Como no siempre me sentí a gusto con el primero que visité y tuve que cambiar en varias ocasiones, puedo decir que mi sonrisa vertical le ha visto la cara a por lo menos una docena de médicos. No es razón para sentirme orgullosa. O, como decía Chespirito en una sátira de sor Juana Inés de la Cruz: «De todo lo mal que hecho / con todos estos difuntos, / es ver tantos hombres juntos / y no sacarles provecho». Aunque los míos no estaban muertos.
Lo peor de esas visitas debe de ser cuando me hacen el papanicoláu. Odio tener que abrirle las piernas a un desconocido sin que medie en ese hecho un gramo de erotismo. Mientras una está como bisagra, mostrando todo su patrimonio y ya desprovista de toda dignidad, el médico tratará de ser simpático (los que lo son) y en tono muy profesional irá indicando el procedimiento. «Relájese, señora. Ahora le voy a hacer el tacto. Respire profundo», dice con frialdad. Y sin mediar más palabras, plas plas, mete al menos dos dedos en nuestra vagina mientras presiona la parte baja del vientre.
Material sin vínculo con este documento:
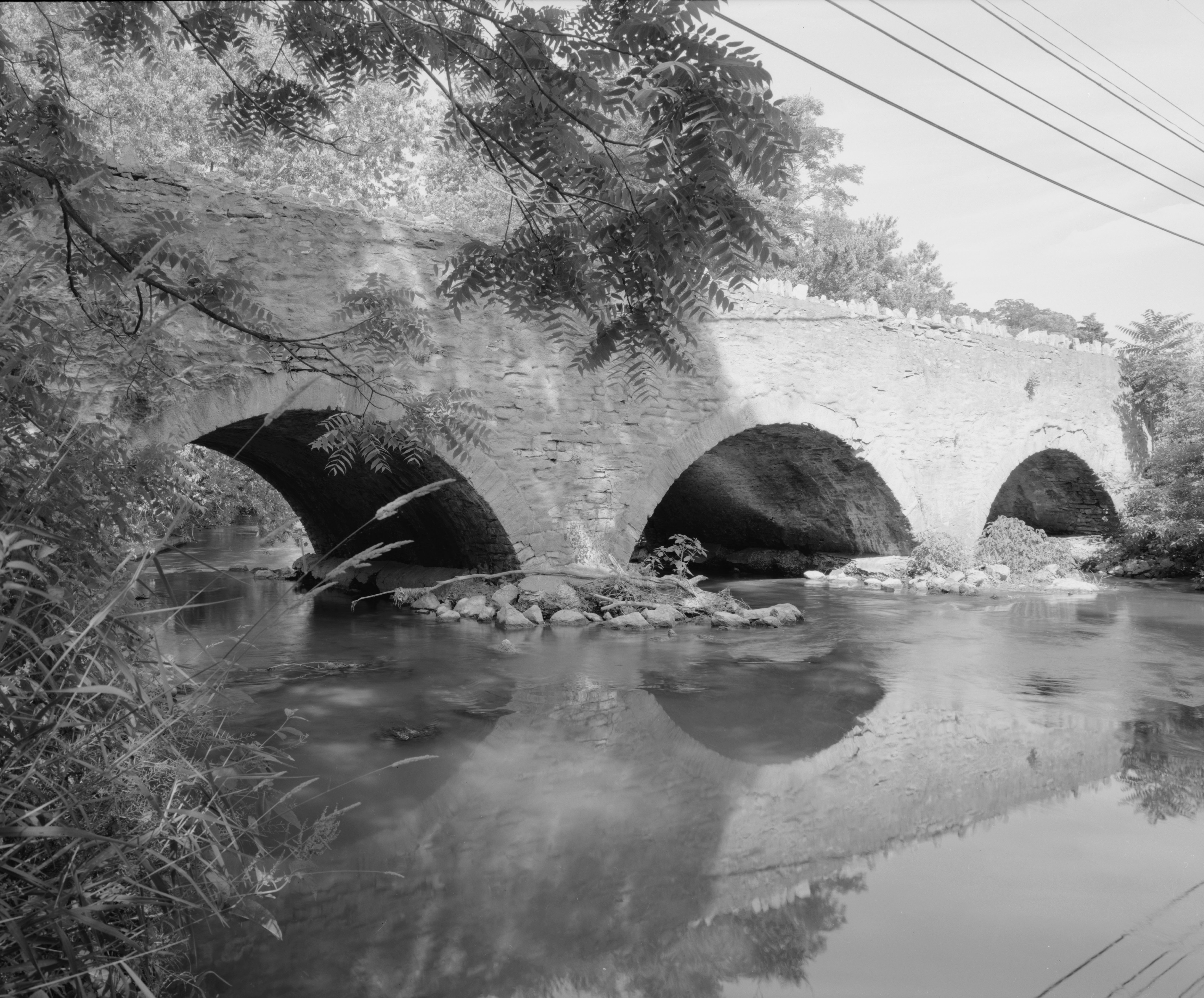 3/4 VIEW FROM WEST. - "S" Bridge, Spanning Tulpehocken Creek at State Route 3061, Stouchsburg, Berks County, PA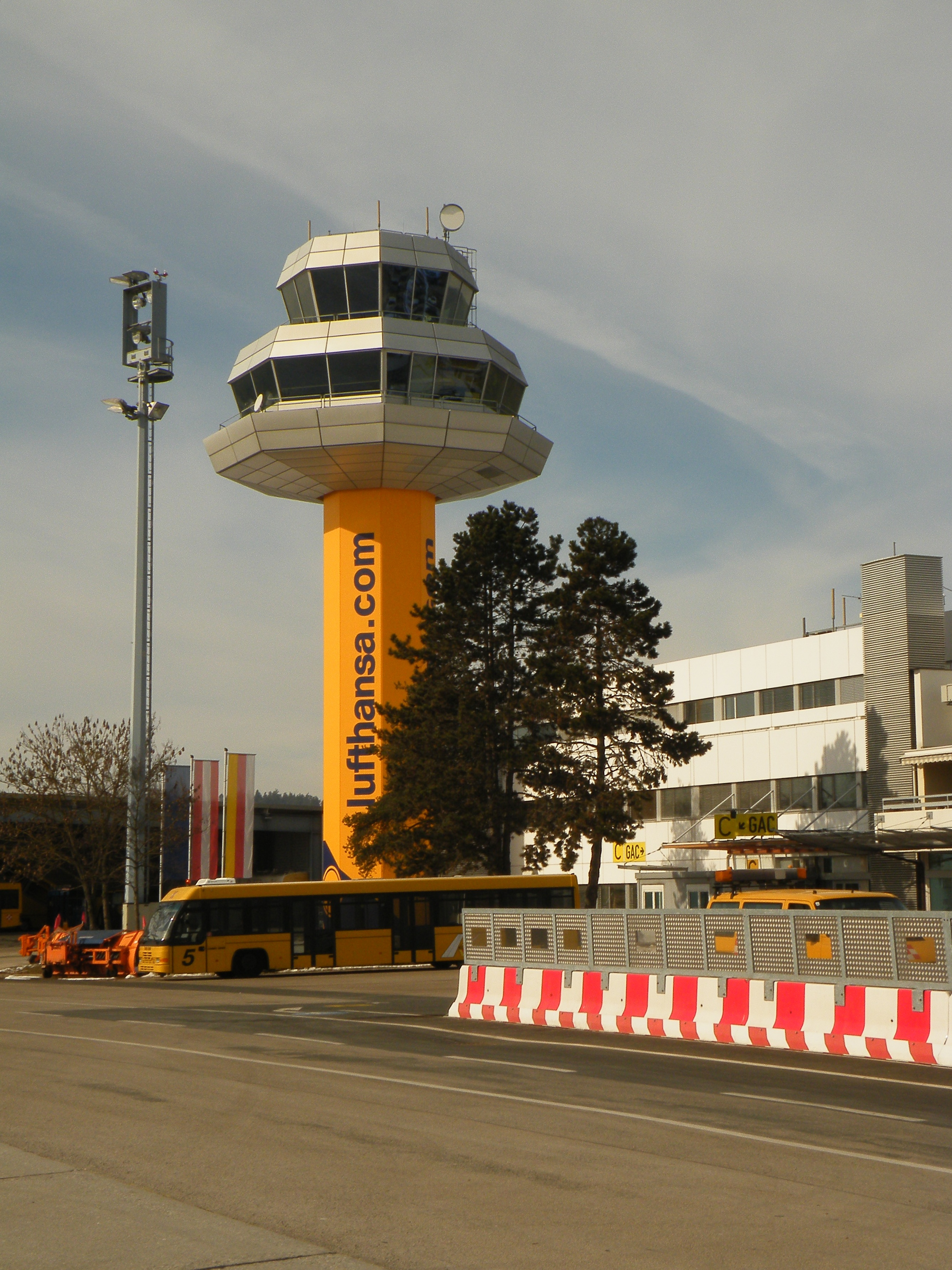 Control tower at Klagenfurt airport (Carinthia, Austria), covered by a Lufthansa advertisement.

Dele una alabanza a Dios si en ese proceso el doctorcito no se pasa llevando un vello púbico con los guantes porque, en tal caso, una puede implorar la muerte inmediata con tal de que termine aquel suplicio.
Terminado el procedimiento digital, el médico introducirá un espéculo (sí, así de horrible como suena), ese aparato en forma de pico de pato que él usa para abrirnos la vagina. Una vez adentro, lo abrirá como si le fuera a dar de comer al metálico artefacto e introducirá a través de esa abertura un cepillo especial para tomar una muestra de las paredes de la cerviz. Cumplido este objetivo, retirará el diabólico metal que invadía nuestra humanidad y seremos libres al fin de cerrar las piernas.
Este examen lo tenemos que hacer las mujeres rigurosamente desde el momento en que iniciamos nuestra vida sexual hasta que la muerte nos agarre. Una o dos veces por año. Indulgencia plena nos deberían dar.
Y aquí no acaba la cosa.
«Si algo puede salir mal, probablemente saldrá mal», aúlla la maldita ley de Murphy cuando el médico receta la mamografía. Dichosos los hombres, que no tienen que pasar por esta tortura heredada de la Inquisición en la cual somos forzadas a meter nuestras tetas entre dos planchas de hierro que las destriparán como si fueran tortilla. Todo, mientras una enfermera nos empuja la espalda y nos dice que nos pongamos de puntillas, que no respiremos, que no nos movamos y que no nos quejemos. En pocas palabras, que nos hagamos las muertas mientras nos desintegran nuestras mamas.
En mi caso, que con las justas llego a copa A, la situación puede ser casi insoportable, ya que tengo que hacer como que meto hasta las orejas, pero sin meterlas, porque si no la enfermera se enoja.
Así que, la próxima vez que escuche a una amiga, a su novia o a su esposa decir que tiene que ir al ginecólogo o que viene de allí, apóyela y valore a esa valquiria por tener el coraje de enfrentarse a este tormento sin chistar. Y, sobre todo, si se trata de su compañera de cama, ni intente ponerse en acción ese día.